Problem details: Please filter the entries and return only the lines that include "flores".

Working data:
Segment Open

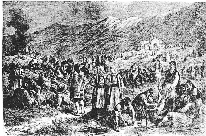
ΣΤΑ ΧΡΟΝΙΑ ΤΗΣ ΣΚΛΑΒΙΑΣ. — Το ψήσιμο των Πασχαλινών άρνιών. (Είκοσι έξενου Περιγηρώ)

Τά ρούχα τους ήταν όμοιοαίνωτογα, «από τη βελόνα», καθώς λέγανε, γιατί τό θεωρούσαν ντροπή κ' άμαρτία να φορέσουν τη Λαμπρή ρούχα ζαναφορένια.
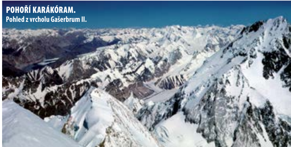
POHOŘÍ KARÁKÓRAM. Pohled z vrcholu Gašerbrum II.

text: Blanka Kubíková
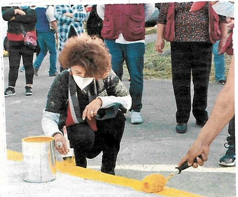
AVANCES. Aceves ha impulsado la recuperación de espacios públicos.

• Además, se instalaron seis mil luminarias con tecnología led.
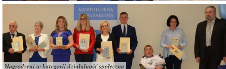
Nagrodzeni w kategorii działalność społeczna
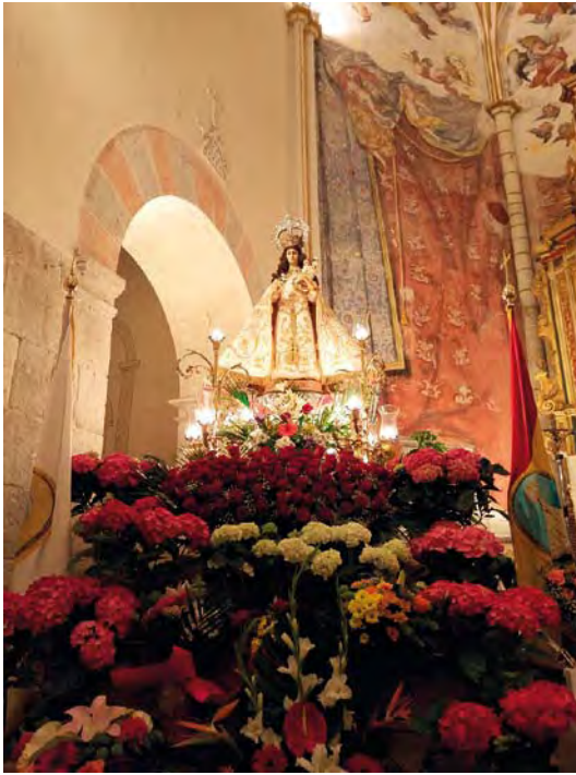
La Virgen de Cubas, de Jorquera, con sus andas llenas de flores en el día de los Mayos. 2016.

Mayo, mayo, mayo, bienvenido seas, que con tu venida las flores se alegran, regando cañadas, honrando doncellas, para que los galanes puedan pretenderlas. Mayo de Cañada del Provençio
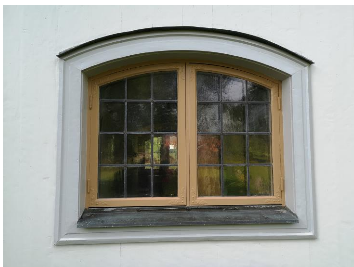
Fönster efter arbeten.

Fönsterbågar och karmar var i gott skick. De var i så gott skick att de åtgärdades bara på utsidan. Sidor/kanter på bågar och karmar var i mycket gott skick. Att måla bara för att måla bedömdes som omotiverat då det också bygger onödiga färglager. Några bågar var fastmålade, de öppnades inte. Utsidan på bågar och karmar tvättades, skrapades och kittades med linoljekitt vid behov. De målades sedan med en ljus ockragul linoljefärg av märket Lasol i kulören NCS S3020-Y30R, först fläckgrundades de med förtunnad färg och en mellanstrykning sedan slutströks bågar och karmar med oförtunnad färg. Färgen förtunnades enligt tillverkarens anvisningar.
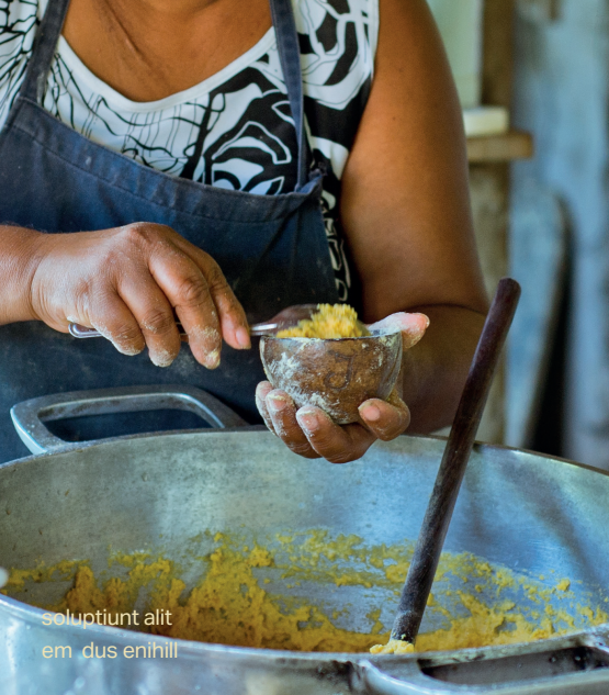
soluptiunt alit em dus enihill
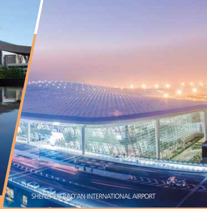
SHENZHEN BAO'AN INTERNATIONAL AIRPORT
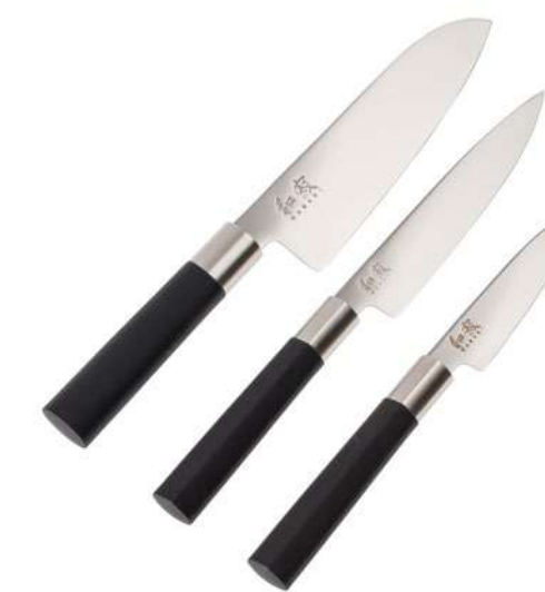
-30% Set de 3 couteaux KAI (2) , acier, poudre de bambou et polypropylène, 139€ 95 € .
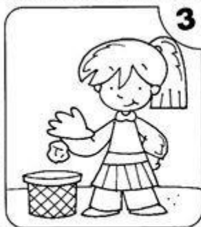
NO TIRO PAPELES AL SUELO
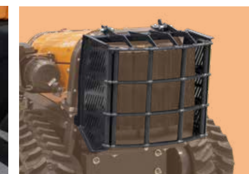
Klappbarer Kühlerschutz aus Stahl
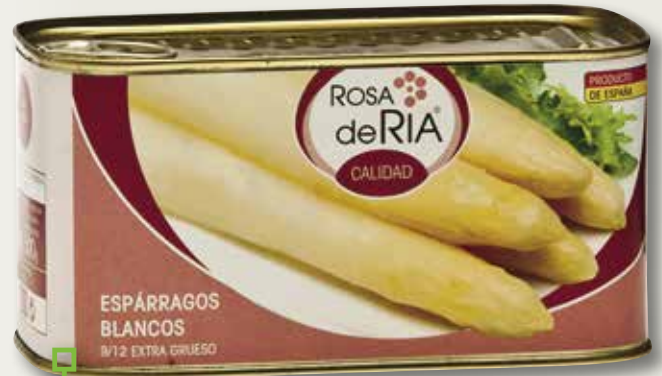
Espàrrecs blancs ROSA RIA 9/12 1 Kg
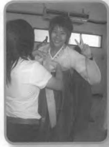
มุมแต่งชุดฮันบก ที่ใคร ๆ ก็อยากลองสวมใส่
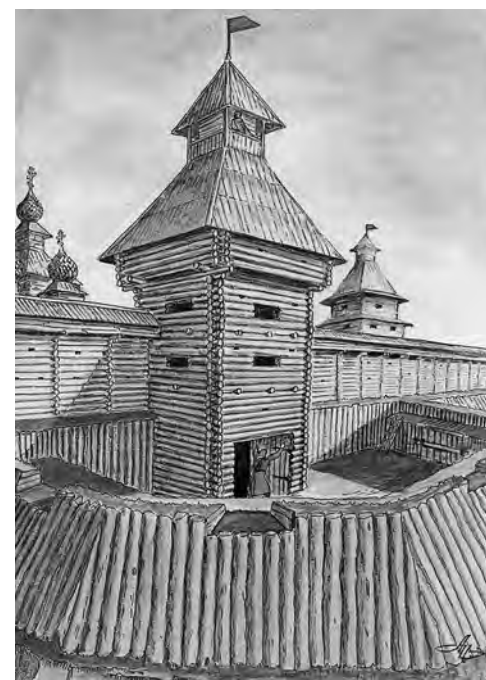
Башни третьей Белгородской крепости. Реконструкция А.А. Ильина.

О занятиях местного населения в «Экономических примечаниях» сообщалось, что купцы и мещане «торг имеют не в одном том городе, отъезжают в другие города» с различными товарами. Женщины «упражнялись» в домашнем рукоделии: пряли лён, вязали чулки, плели кружева для собственных нужд и на продажу.
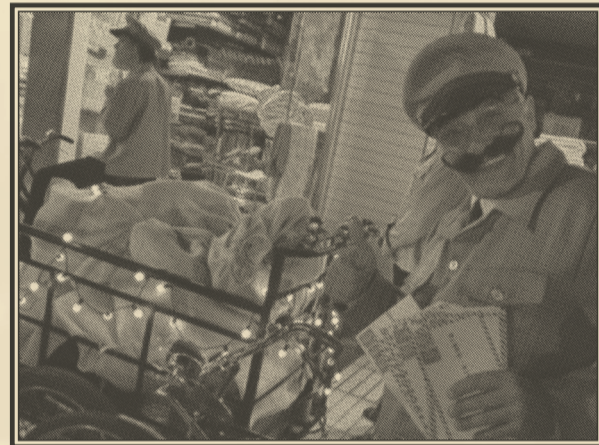
Espectáculo itinerante desde Villa Elisa hasta Villa Ana. Sábado 2 a las 18:00 h y domingo 3 a las 20:00 h.

En una época donde muy pocas personas escriben cartas, estos incansables y antiguos carteros se han propuesto que los vecinos de Las Villas se escriban cartas entre sí mismos, reciban las de algún anónimo o sean los destinatarios de premios, certificados y telegramas. Así, se trata de un espectáculo itinerante y de participación directa con el público. Su único objetivo es que todos aquellos que sepan utilizar un lápiz puedan enviarle un mensaje a cualquier otra persona que en ese momento esté en el paseo. No es necesario un nombre ni una dirección concreta porque la carta siempre llegará a su destino. Los carteros y carteras se encargarán de todo y siempre encontrarán a las personas que hayan sido afortunadas. Esta es una propuesta de la Compañía Insolits Performing Arts y dirigida por Luis Miguel Pardo.
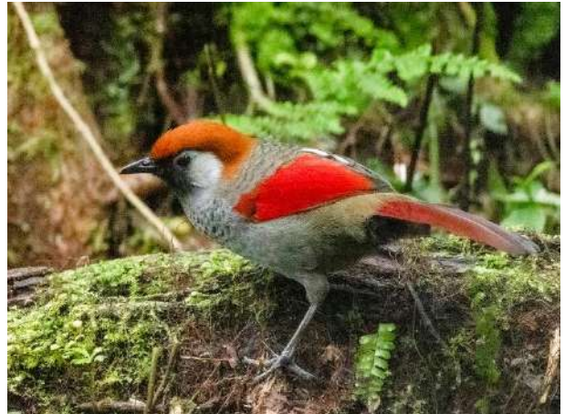
Red-tailed Laughingthrush – Trochalopteron milnei (Rödstjärtad fnittertrast)

White-cheeked Laughingthrush – Pterorhinus vassali (Vitkindad fnittertrast); 10 ex nära ett gömsle i Da Lat 28/1.
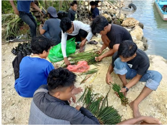
Gambar 5. Seleksi bibit propagul mangrove

Total 1200 bibit mangrove berhasil diseleksi dan dibibitkan, yang terdiri dari enam ratus (600) jenis Ceriops tagal , empat ratus (400) jenis Rhizophora apiculata , seratus jenis Rhizophora mucronata , dan seratus (100) jenis Bruguiera gymnorrhiza . Setelah dilakukan penanaman di dalam polybag, bibit diletakkan di tempat ternaung dan terpengaruhi oleh pasang-surut untuk mencegah bibit terpapar sinar matahari secara langsung, serta membiarkan bibit terpapar air laut. Berikut merupakan gambar penanaman bibit ke dalam polybag dan peletakkan bibit di tempat ternaung.
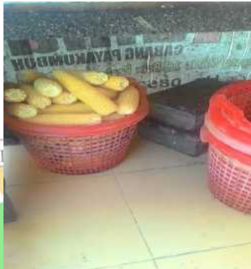
Jagung formula 1 setelah pengupasan
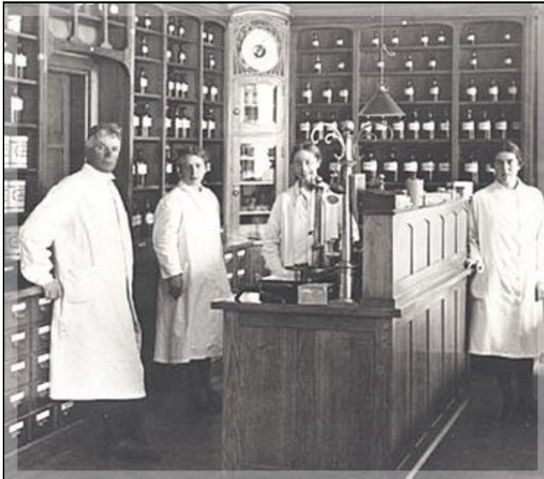
Äntligen har Läkemedelsverket inför ett nytt licenssystem!
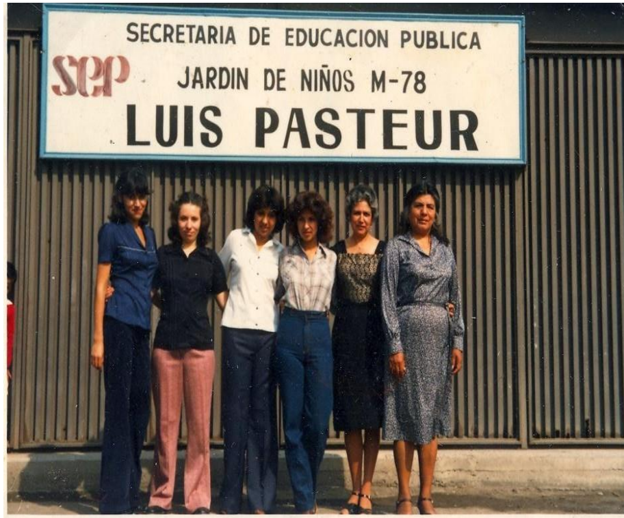
En 1982 con mis compañeras del Jardín de Niños “Luis Pasteur”
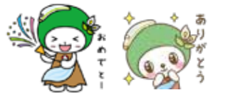
▲ スタンプの絵柄(一例)
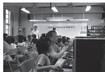
辦理假日親子資訊研習營
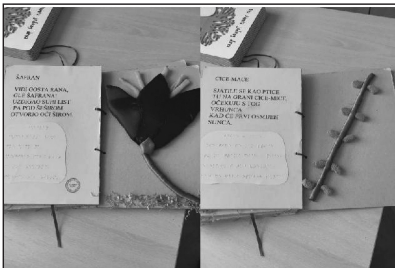
Slika 3 - Ručno pravljeni slikovnica na temu Vesnici proleća (sa leve strane tekst na crnom tisku i Brajevom pismu, sa desne strane cvet šafrana u travi) (Perković, 2019)
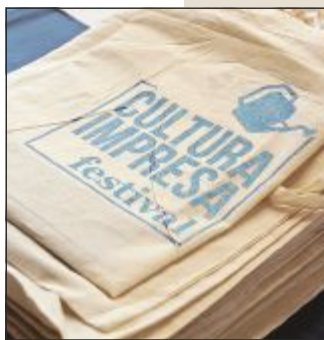
LIBRI Cultura impresa
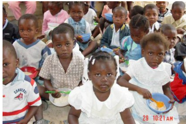
kleuters eten op school in Kenscoff

Algemeen: info@stichtingnaarschoolinhaiti.nl Bestuursleden: voorzitter@stichtingnaarschoolinhaiti.nl secretaris@stichtingnaarschoolinhaiti.nl fondsenwerving@stichtingnaarschoolinhaiti.nl penningmeester@stichtingnaarschoolinhaiti.nl marijkezaalberg@hotmail.com
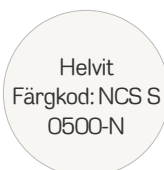
Helvit Färgkod: NCS S 0500-N

För att se rätt färgnyans, titta på en färgkarta i en måleributik eller i vår Fint Hemma-butik på Hornsgatan 128. På bildskärm eller utskrift kan nyansen avvika.
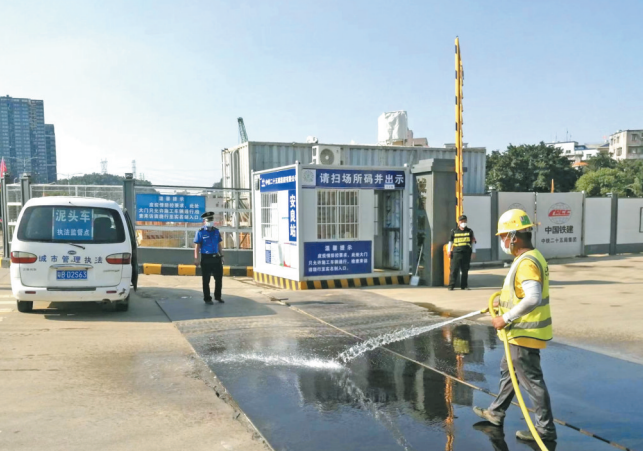
园山执法队加强对土方工地的执法整治

日前,龙岗区园山街道聚焦民生痛点,狠抓环境难点,通过源头治理和综合治理,重拳出击,持续开展扬尘污染专项整治,初步遏制扬尘污染“居高不下”的势头。 截至目前,已排查各类泥头车5368辆,查办车身不洁、车厢挂泥案件91宗;排查各类建筑工地803次,查办未采取防止粉尘污染措施、无专人冲洗清理、车辆带泥污染道路等案件43宗。 据悉,近年来,园山街道建设项目众多,各类施工的“叠加”造成扬尘污染日趋严重。该街道综合行政执法队一方面围绕土方流转的“泥头”和“泥尾”,狠抓污染源头治理。城建办、执法队加强了对辖区各类建筑工地的日常管理,建立政

Segment Closed

Result of this task:
La Virgen de Cubas, de Jorquera, con sus andas llenas de flores en el día de los Mayos. 2016.
Mayo, mayo, mayo, bienvenido seas, que con tu venida las flores se alegran, regando cañadas, honrando doncellas, para que los galanes puedan pretenderlas. Mayo de Cañada del Provençio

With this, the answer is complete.